Essere Charlie Kaufman. Tutto il potere dell’illusione (o del cinema) sotto una nevicata

L’ultima prova da regista (per Netflix) del geniale (e molto molto intellettuale) sceneggiatore newyorkese Charlie Kaufman. È “Sto pensando di finirla qui” adattamento dell’omonimo romanzo del canadese Iain Reid, tradotto in decine di lingue e in Italia edito da Rizzoli (2020). Il viaggio attraverso paesaggi innevati di due fidanzati in visita dai genitori di lui ci apre la strada verso una dimensione imprevista, quella dell’illusione, in cui viene meno qualsiasi parametro di realtà. In perfetto stile Kaufman …

Sto pensando di finirla qui, non è solo il titolo, ma la frase che si ripete ossessivamente la bravissima Jessie Buckley, (Lucy) protagonista dell’ultimo film di Charlie Kaufman, lasciandoci volutamente chiedere se è solo la relazione con il suo ragazzo che vuole chiudere o proprio tutti i giochi.

È il refrain che ci conduce nell’ultimo viaggio attraverso gli incubi della mente del geniale sceneggiatore newyorkese di Essere John Malcovic, Se mi lasci ti cancello, Il ladro di orchidee e poi regista fuori dagli schemi di Synecdoche, New York (2008) e l’animazione Anomalisa (2015).

Questa sua terza regia è l’adattamento cinematografico dell’omonimo romanzo del canadese Iain Reid, tradotto in decine di lingue e in Italia edito da Rizzoli (2020). E per adattamento è da intendere che non ci sono solo le immagini dei protagonisti a rivivere sullo schermo, il registra ha usato tutte le sue passioni (vecchie pellicole, intere poesie, citazioni da altri film, spezzoni, balletti, animazioni, persino un’animata discussione sulla recensione negativa che il New Yorker fece del film, Una Moglie di Cassavetes).

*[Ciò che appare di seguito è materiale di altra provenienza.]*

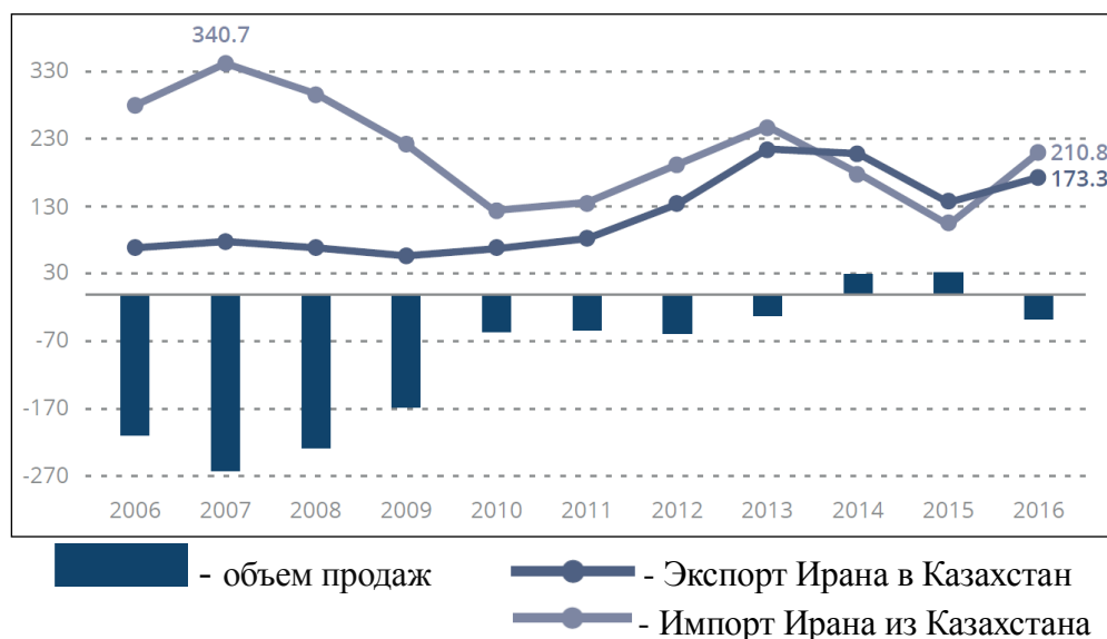
Рис.3. Объем экспорта и импорта Ирана из Казахстана (2006-2016 гг.)

Приведенные выше цифры аналогичны данным, предоставленным другими иранскими властями, с отклонениями в данных (около 2-3% за некоторые годы) из-за округления и ошибок при преобразовании григорианского календаря в иранский календарь. Такая же информация фигурирует в отчетах Торгово-промышленной палаты Ирана за 2013 год.
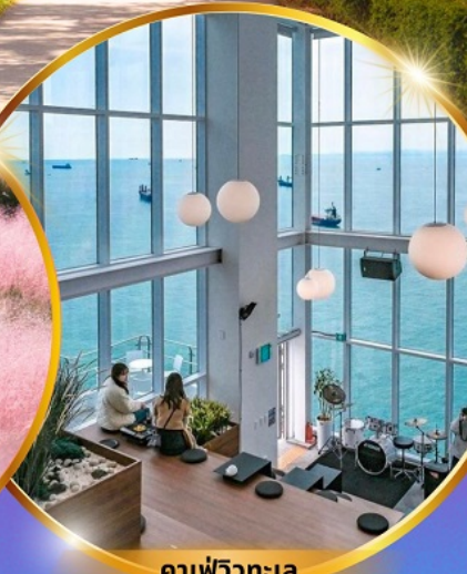
คาเฟ่วิวทะเล

ถ่ายรูปชิคๆ หมู่บ้านวัฒนธรรมคิมซอน ใหม่ล่าสุด คาเฟ่ริมทะเล วิวหลักล้าน ชมอุโมงค์ดินเมเปิ้ล สีส้มแดง ถ่ายรูปกับหญ้าสีชมพู สดใส ขึ้นเคเบิลคาร์ ชมทะเลปูซาน ห้ามพลาด!! ตลาดปลาที่ใหญ่ที่สุด ชิมของอร่อยที่ตลาดแฮจุนแด อิสระช้อปปิ้ง Lotte Duty Free
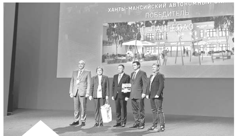
Лангелас победил во всероссийском конкурсе комфортной городской среды
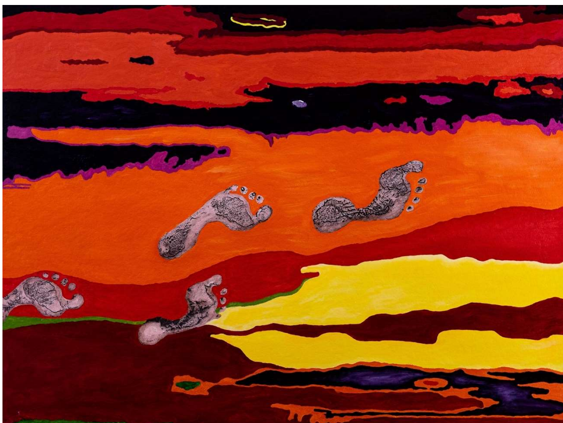
Kuva 13. Jalanjäljet, 2020, öljymaalauus ja laserkaiverrus, 90 x 120 cm

Maalauksessa Jalanjäljet (kuva 13) iltarusko kuvastaa ihmiskunnan mahdollista iltaruskoa tilanteessa, jolloin maapallon luontoineen on menetetty. Jalanjäljet kulkevat pois päin. Jalanjäljet on kaiverrettu maalauispohjaan. Syvät jäljet ovat rumia ja kuin arpia. Ne kuvaavat sitä, että ihmisen tekeminen pahimmillaan eli ns. jalanjäljet ovat jättäneet luontoon niin pysyvät arvet, että planeetasta tulee asuinkehvoton. Valo ja väri valuvat maailmasta pois.
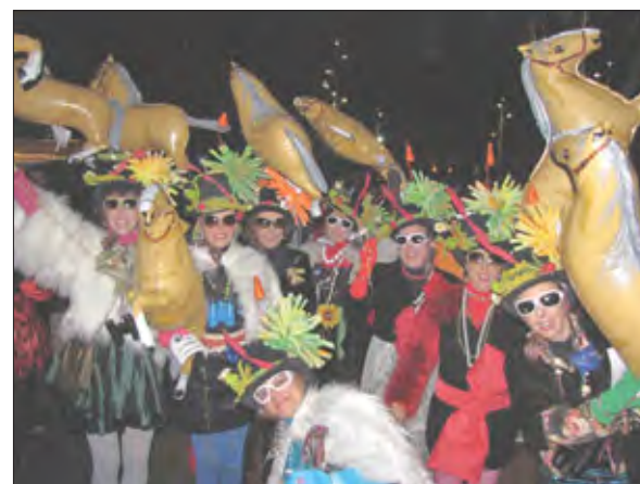
Grupo de máscaras el martes de carnaval
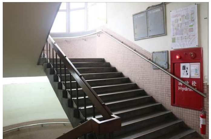
重大路口設置校園防災疏散圖
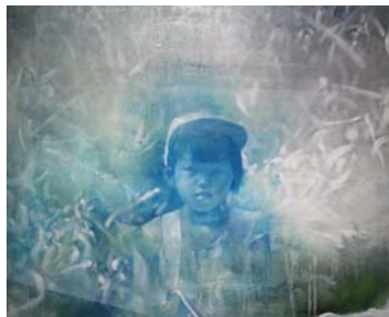
memories '94 2010
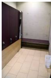
Umkleide und Duschen Wasserwelt

Il tutto confezionato in un formato buono per le vecchie tv anni sessanta. C’è anche chi si è divertito a contare tutte le citazioni del film, sono decine, in pratica ne è letteralmente intessuto. Per dirla in poche parole è film volutamente irritante, e se guardate un po’ cosa se ne dice in internet troverete recensioni entusiaste e insulti da censura.

Due ragazzi, compagni di università, Jack (Jesse Plemons) e Lucy, che stanno insieme da poche settimane, vanno in auto, sotto una nevicata, a trovare i genitori di lui, Suzie e Dean (Toni Collette e David Thewlis) che vivono in campagna. Jack ha un aspetto piuttosto inquietante, eppure durante il viaggio si rivela tenero e romantico.

Nella vecchia casa succedono cose strane, i genitori diventano vecchi o più giovani, rimbecilliti e spiritosi, compaiono e spariscono insieme al cane di famiglia, morto decenni prima. E mentre la tensione sale e ci si aspetta che da un momento all’altro la vecchia fattoria si trasformi in una casa dell’orrore, una serie di indizi ci apre la strada verso una dimensione imprevista, quella dell’illusione.

Che, per i meno attenti ai dettagli, viene anche spiegata dai protagonisti con questa frase di Oscar Wilde: “La maggior parte delle persone sono altre persone. I loro pensieri sono opinioni di qualcun altro, la loro vita un’imitazione, le loro passioni una citazione”. Per svelare il senso del film però è decisivo un vecchietto, il custode di una scuola, che compare ogni tanto, senza collegamenti con la storia dei due fidanzati.

Tra la miriade di omaggi vale la pena di ricordare il riferimento al musical Oklahoma che si rivela nel finale di una straziante malinconia, che è poi il tono di tutto il film, e un’esilarante discussione sulla puntualità dei treni all’epoca di Mussolini. Il film – complice anche la pandemia – non è uscito in sala ma solo in streaming e su Netflix.